Егерь Балашов дремал, прислонившись к бревенчатой стене, шевелил ноздрями: ловил и втягивал в себя запутанные нити запахов. То вздрагивал и хмурился, то светлел лицом и улыбался. Машка, делая безразличный вид, подкрадывалась к нему сбоку, хотя ведь понимала, что Васька не даст дядю Игната в обиду. Отец стоял у калитки, о чем-то тихо и согласно беседуя с соседом. Оба поглядывали то на Ваську, то в глубокое зеркало неба, где в сонном танце замечтались и разомлели два широкогрудых коршуна.

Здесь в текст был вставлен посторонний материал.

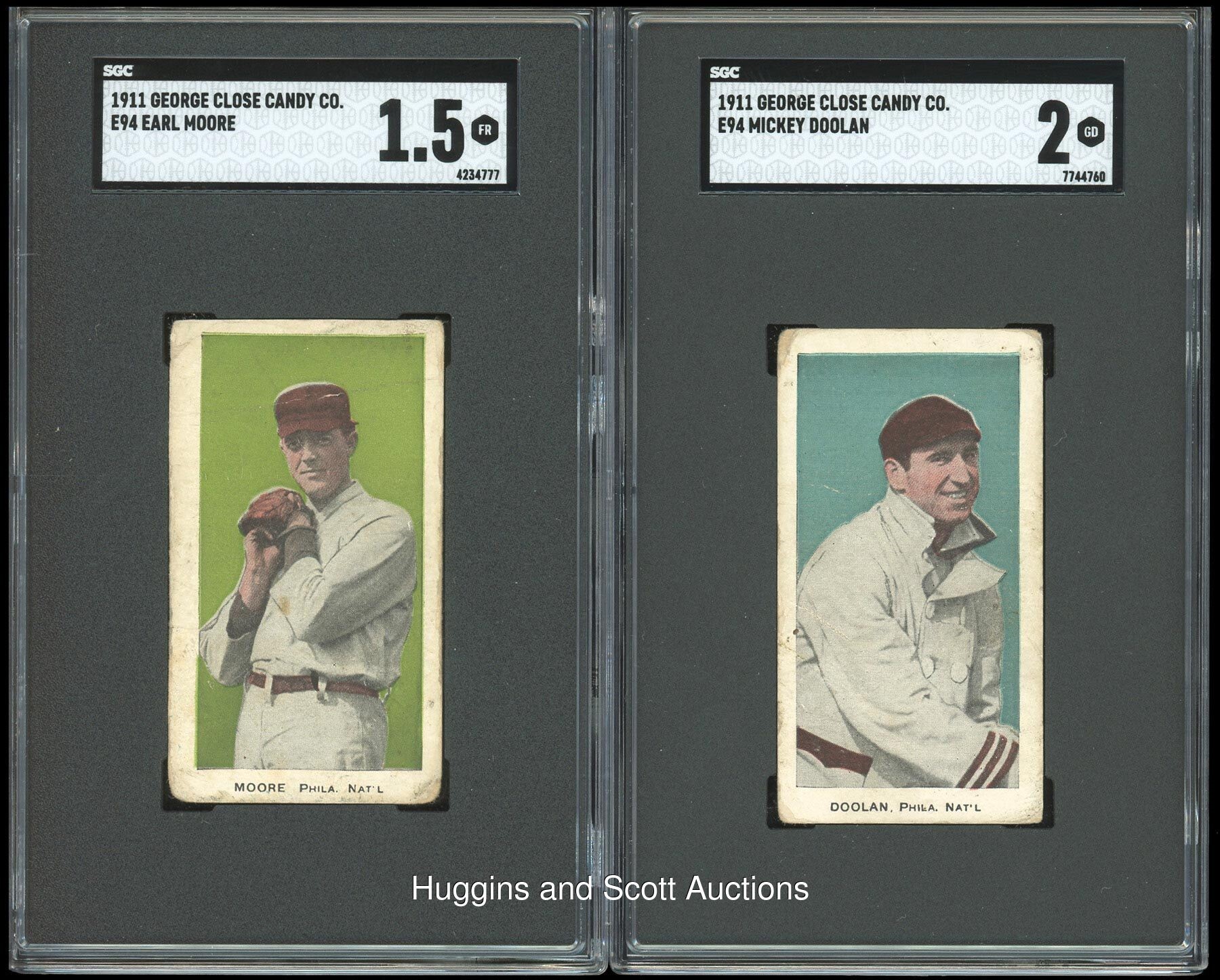 Tough pair of 1911 E94 George Close Candy Philadelphia Phillies singles. Each graded by SGC. Includes: 1.) Doolan (SGC 2 Good) with blue background and 2.) Moore (SGC 1.5 Fair) with olive background.

— Я те дам! — не открывая глаз, тихо предупредил Балашов. Может, видел во сне, что подкрадывается к нему Машка. А настоящая Машка завиноватилась, качнула немытыми рогами и тоже закрыла глаза, раздумывая — позлить еще или прекратить баловство. Потом нехотя открыла глаза, потянулась к непросохшему сапогу Балашова и доверчиво потрогала подошву тонкими губами.
— Сожрет, Игнат! — тревожным шепотом окликнул отец, присаживаясь рядом. Балашов подхватил под себя ноги. Секунду Машка стояла еще с вытянутыми губами, потом стукнула копытцем и, отступив, выставила рога.
— Пап… Забыл? Директор же приходил…
Отец молчал, глядя на Балашова, а тот наблюдал за Машкой.
Тонкий ядовитый крик пронизал густой, застойный воздух. Машка вскинула свою обезьянью морду навстречу падающему коршуну.
— Есть! — с наслаждением и злостью сказал егерь, вскочил и бросился в дом. Вылетел с отцовым ружьем, но было поздно: черный от старости разбойник уносил добычу, не отрываясь от макушек елей.